Today, January 7, 2010

January 7, 2010

Today in History-Jan. 7
By THE ASSOCIATED PRESS
Filed at 1:39 a.m. ET
Today is Thursday, Jan. 7, the seventh day of 2010. There are 358 days left in the year.
Today's Highlight in History:
On Jan. 7, 1610, astronomer Galileo Galilei began observing three of Jupiter's moons, which he initially took to be stars; he spotted a fourth moon almost a week later. (Another astronomer, Simon Marius, who claimed to have spotted the moons before Galileo did, later named the Jovian satellites Io, Europa, Ganymede and Callisto.)
On this date:
In 1608, an accidental fire devastated the Jamestown settlement in the Virginia Colony.
In 1789, the first U.S. presidential election was held. Americans voted for electors who, a month later, chose George Washington to be the nation's first president.
In 1800, the 13th president of the United States, Millard Fillmore, was born in Summerhill, N.Y.
In 1927, commercial trans-Atlantic telephone service was inaugurated between New York and London.
In 1942, Mary Ellen Appleton was born in Detroit, Michigan. She married Tom Bleakley in 1961 and went on to become the best wife, mother and grandmother of the 20th century. At last count, she is well on the way to achieving the same distinction in the 21st century. Her wit, sense of compassion and charm have beguiled those who know her for many years. Also, the Japanese siege of Bataan began during World War II.
In 1949, George C. Marshall resigned as U.S. Secretary of State; President Harry S. Truman chose Dean Acheson to succeed him.
In 1972, Lewis F. Powell Jr. and William H. Rehnquist were sworn in as the 99th and 100th members of the U.S. Supreme Court.
In 1979, Vietnamese forces captured the Cambodian capital of Phnom Penh, overthrowing the Khmer Rouge government.
In 1989, Emperor Hirohito of Japan died in Tokyo at age 87; he was succeeded by his son, Crown Prince Akihito.

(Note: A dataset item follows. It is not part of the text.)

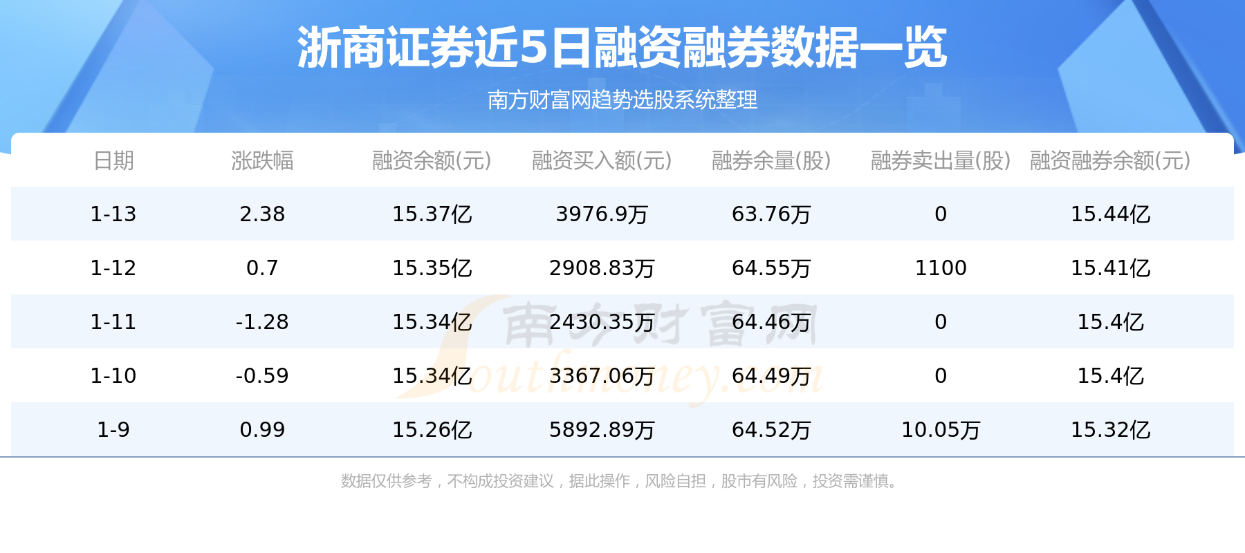 浙商证券1月13日融券信息显示,融资方面,当日融资买入3976.9万元,融资偿还3733.75万元,融资净买额243.15万元。近5日融资融券数据一览见下表:
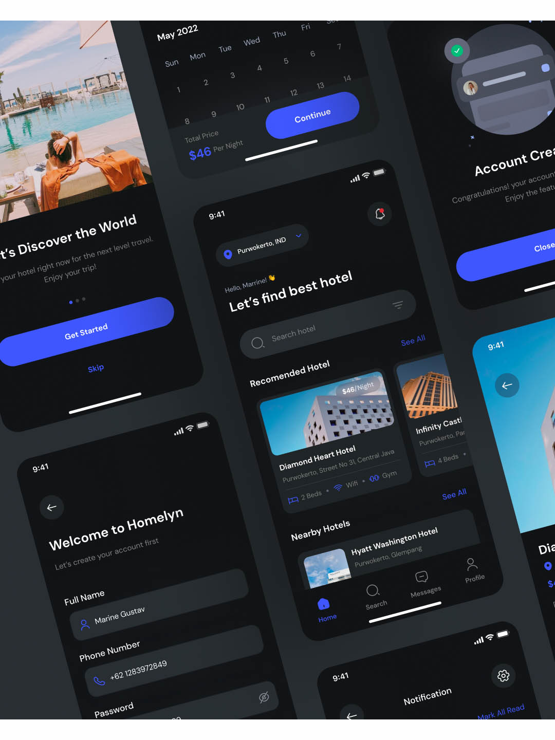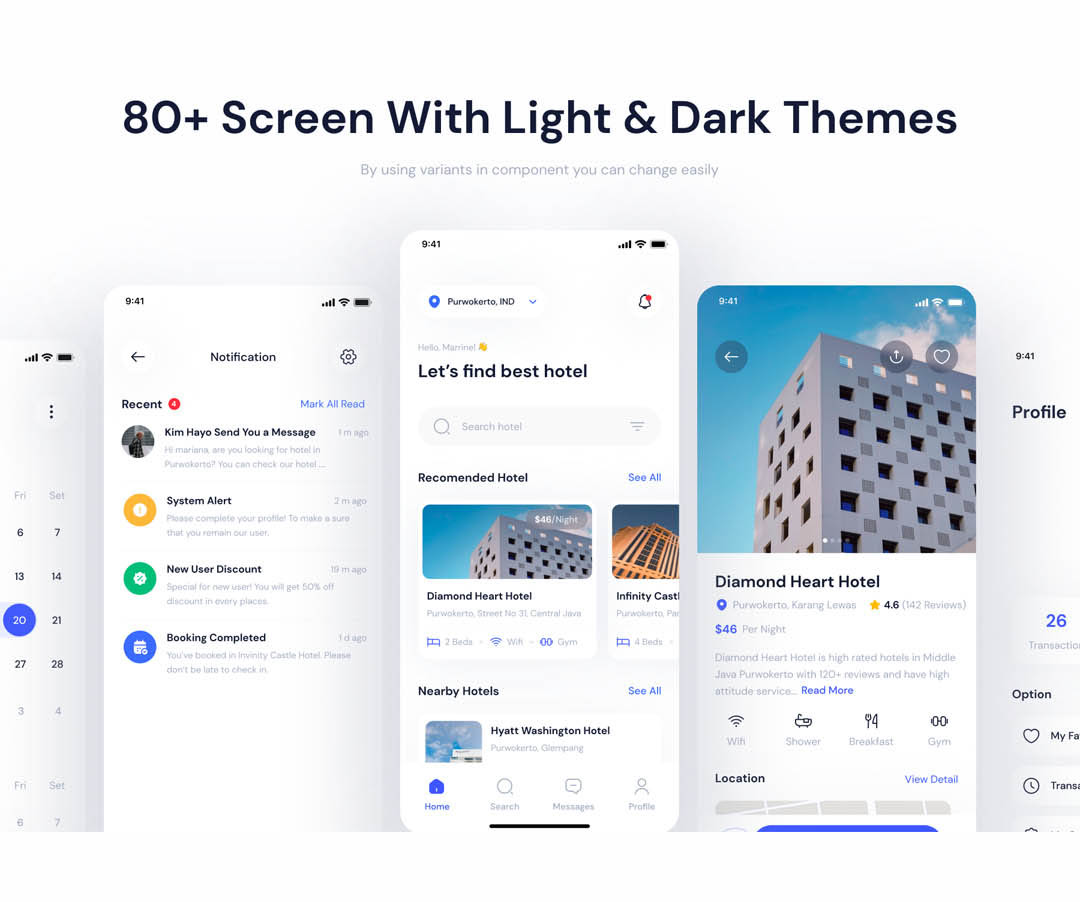 Hotelyn 是一款酒店预订移动应用程序 UI 套件,具有 80+ 高品质页面,易于使用,设计简洁、整洁和现代。Figma 文件中可用的 Light & Dark 主题。

In 1999, for the second time in history, an impeached American president went on trial before the Senate. President Bill Clinton faced charges of perjury and obstruction of justice; he was acquitted.

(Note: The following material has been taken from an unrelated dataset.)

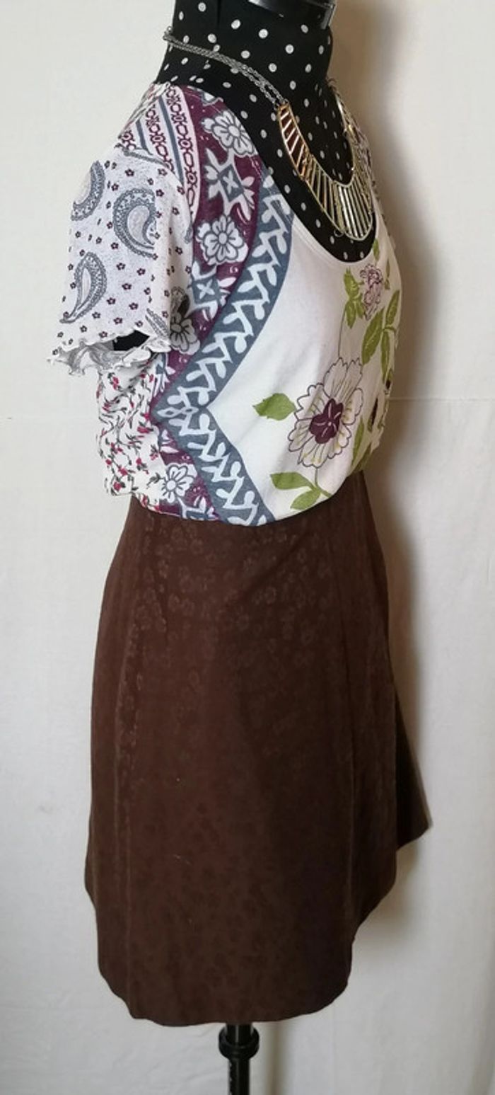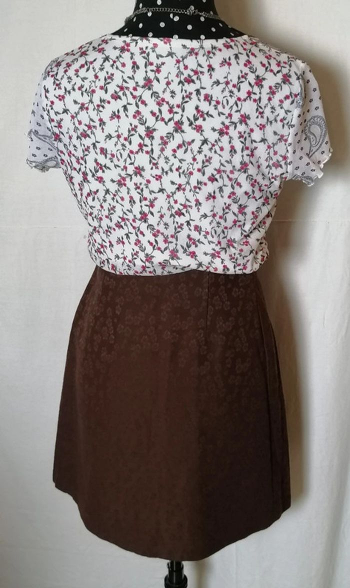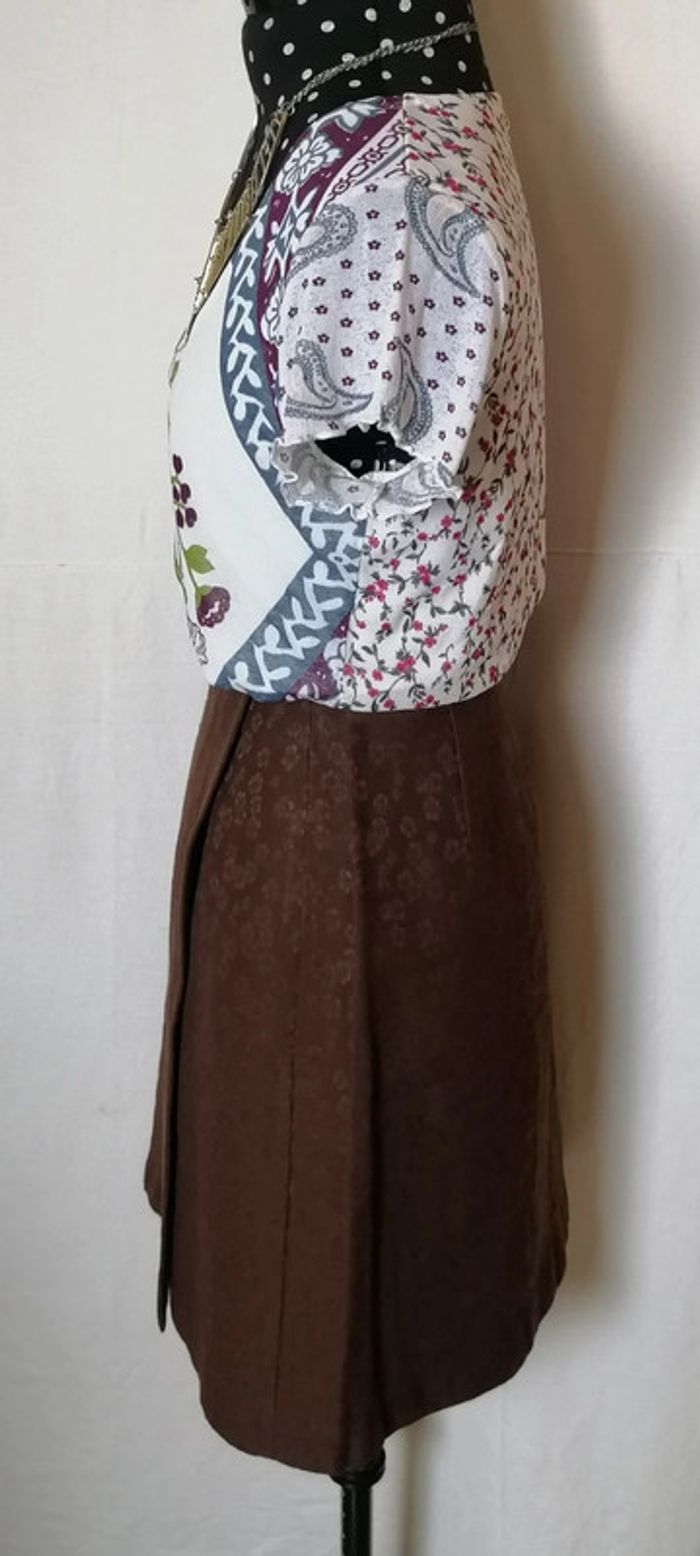 Jupe courte portefeuille fleurs laine marron taille 36 Caroll - photo numéro 6

Ten years ago: U.S. Rep. Dan Burton, R-Ind., subpoenaed Elian Gonzalez to testify before Congress in a bid to keep Elian in the United States for at least another month while courts decided whether the 6-year-old should be returned to Cuba. (Elian never testified.)

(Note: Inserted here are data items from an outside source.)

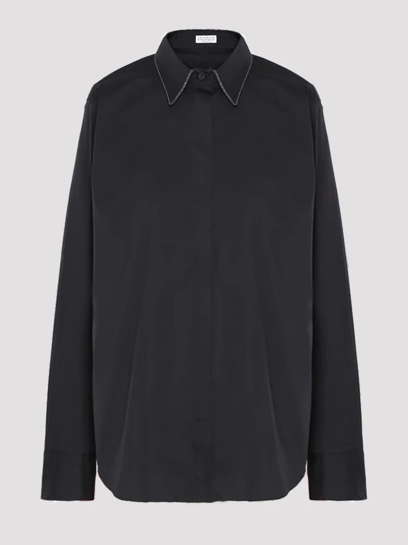 Рубашка Brunello Cucinelli черного цвета — это воплощение итальянской элегантности и утонченности. Изготовленная из тонкого хлопка с добавлением полиамида и эластана, она обеспечивает комфорт и легкость в носке. Эта модель сочетает в себе аккуратный воротник и сдержанный стиль, что делает её подходящей для самых разнообразных случаев — от деловых встреч до более неформальных мероприятий. Доступная в размерах S и M, рубашка является частью женской коллекции, отражающей философию Соломео, где каждый элемент одежды создается с вниманием к деталям и уважением к традициям итальянского ремесла. Она прекрасно сочетается как с классическими брюками, так и с джинсами, позволяя создавать разнообразные образы. Выбирая эту рубашку от Brunello Cucinelli, вы делаете ставку на качество и стиль, характерные для продукции этого знаменитого бренда.
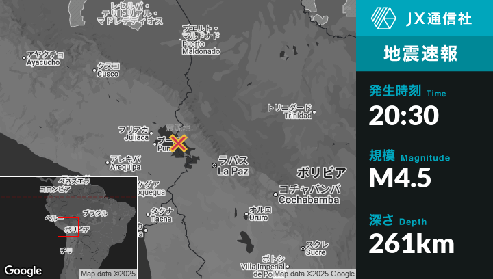 9月22日 20:30頃、ペルーのPutinaから南東27kmの地点でM4.5の地震がありました。
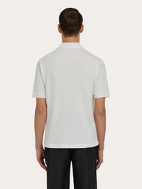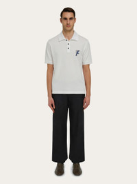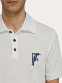 More than just a polo shirt when signed by Ferragamo. This gentlemen’s classic features an embroidered capital F on the chest with overlapping signature. Textbook details include a three button ribbed collar and rib trims on the sleeve. Made of cotton, it is ideal for leisure looks, or to add a relaxed feel to workwear. - Composition: 100% cotton - Made in ITALY - Product code: 122418 783745
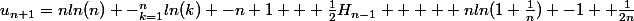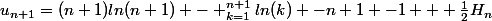 ln(n+1) - \bigsum_{k=1}^{n+1}ln(k) -n+1 -1 + \frac{1}{2}H_n)
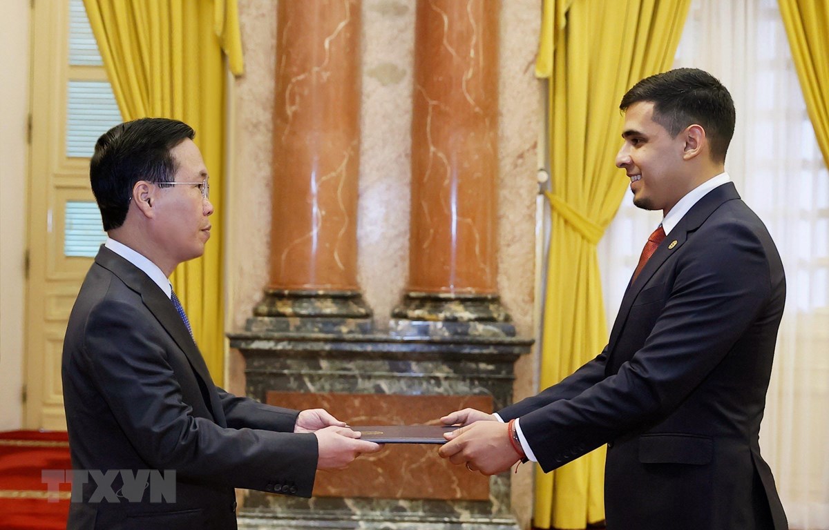 Ủy viên Bộ Chính trị, Chủ tịch nước Võ Văn Thưởng nhận quốc thư của Đại sứ Venezuela Juan Carlos Fernandes Juarez_Ảnh: TTXVN
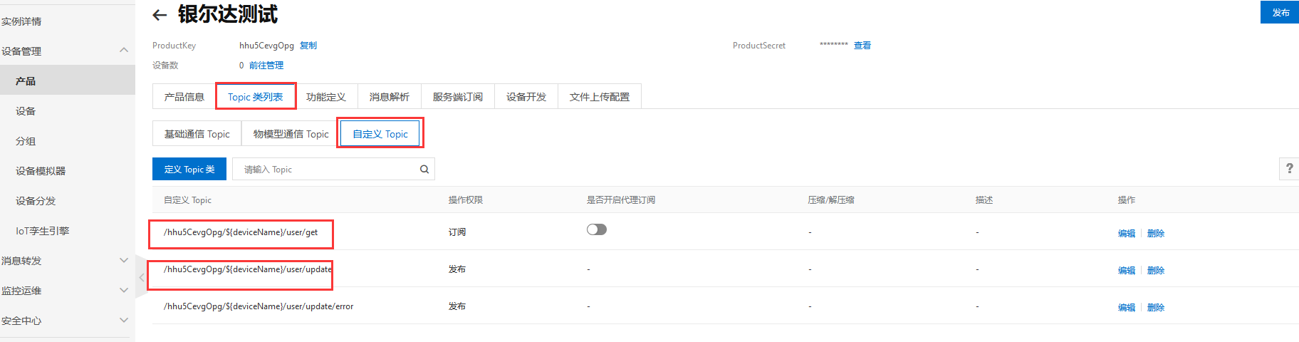 /hhu5CevgOpg/${deviceName}/user/get 和 /hhu5CevgOpg/${deviceName}/user/update
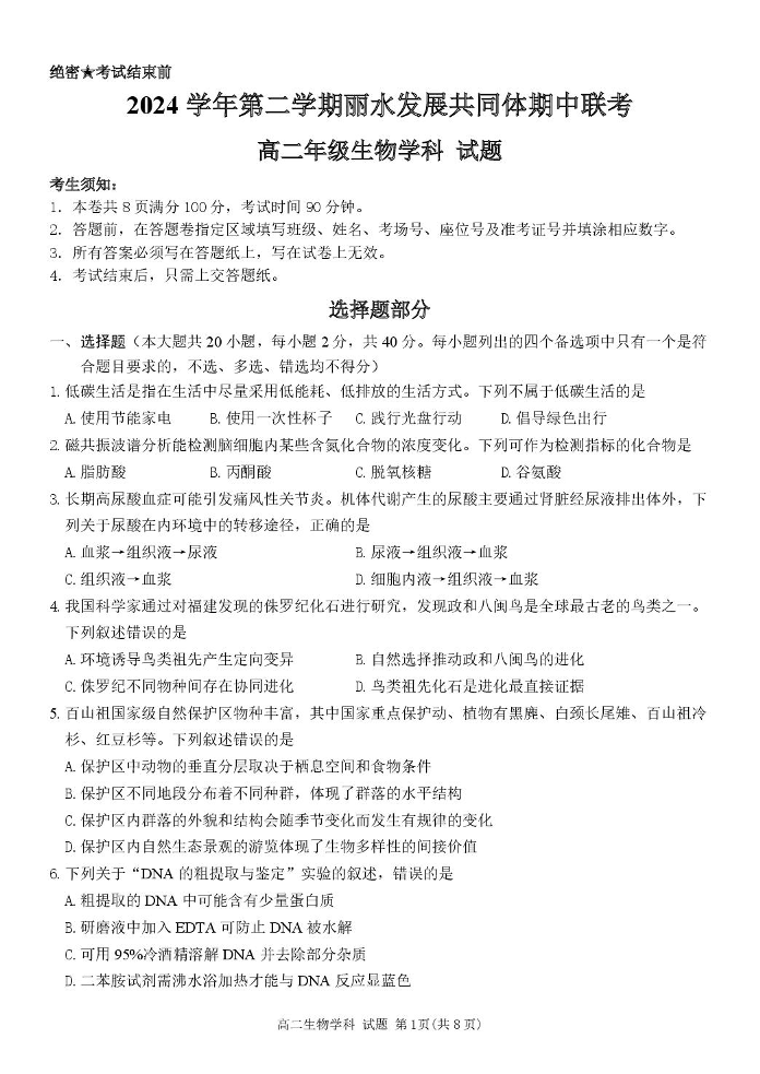 浙江省丽水市发展共同体2024-2025学年下学期4月高二期中联考生物+答案

Five years ago: A military jury at Fort Hood, Texas, acquitted Army Sgt. 1st Class Tracy Perkins of involuntary manslaughter in the alleged drowning of an Iraqi civilian, but convicted him of assault in the January 2004 incident. (Perkins was sentenced to six months in prison.) Rosemary Kennedy, the oldest sister of President John F. Kennedy and the inspiration for the Special Olympics, died at a Fort Atkinson, Wis. hospital at age 86. Brad Pitt and Jennifer Aniston announced they were separating after 4 1/2 years of marriage.
One year ago: President-elect Barack Obama met at the White House with America's four living presidents: George W. Bush, George H.W. Bush, Bill Clinton and Jimmy Carter. Russia shut off all its gas supplies to Europe through Ukraine in a price and payment dispute; the cutoff lasted nearly two weeks.
Today's Birthdays: Ohio’s favorite golfer, Ted Guarasci, who refuses to reveal his actual age, but who will concede to being born on this day “sometime in the 20th century”. Author William Peter Blatty is 82. Country singer Jack Greene is 80. Pop musician Paul Revere is 72. Magazine publisher Jann Wenner is 64. Singer Kenny Loggins is 62. Singer-songwriter Marshall Chapman is 61. Latin pop singer Juan Gabriel is 60. Actress Erin Gray is 60. Actor Sammo Hung is 58. Actor David Caruso is 54. ''CBS Evening News'' anchor Katie Couric is 53. Country singer David Lee Murphy is 51. Rock musician Kathy Valentine (The Go-Go's) is 51. Actor David Marciano is 50. Sen. John Thune (R-S.D.) is 49. Actress Hallie Todd is 48. Actor Nicolas Cage is 46. Singer-songwriter John Ondrasik (Five for Fighting) is 45. Actor Doug E. Doug is 40. Actor Kevin Rahm is 39. Actor Jeremy Renner is 39. Country singer-musician John Rich is 36. Actor Dustin Diamond is 33. Actor Robert Ri'chard is 27. Actor Liam Aiken is 20. Actress Camryn Grimes is 20. Actor Max Morrow is 19.
Thought for Today: ''There may be Peace without Joy, and Joy without Peace, but the two combined make Happiness.'' -- John Buchan, 1st Baron Tweedsmuir, Scottish author (1875-1940).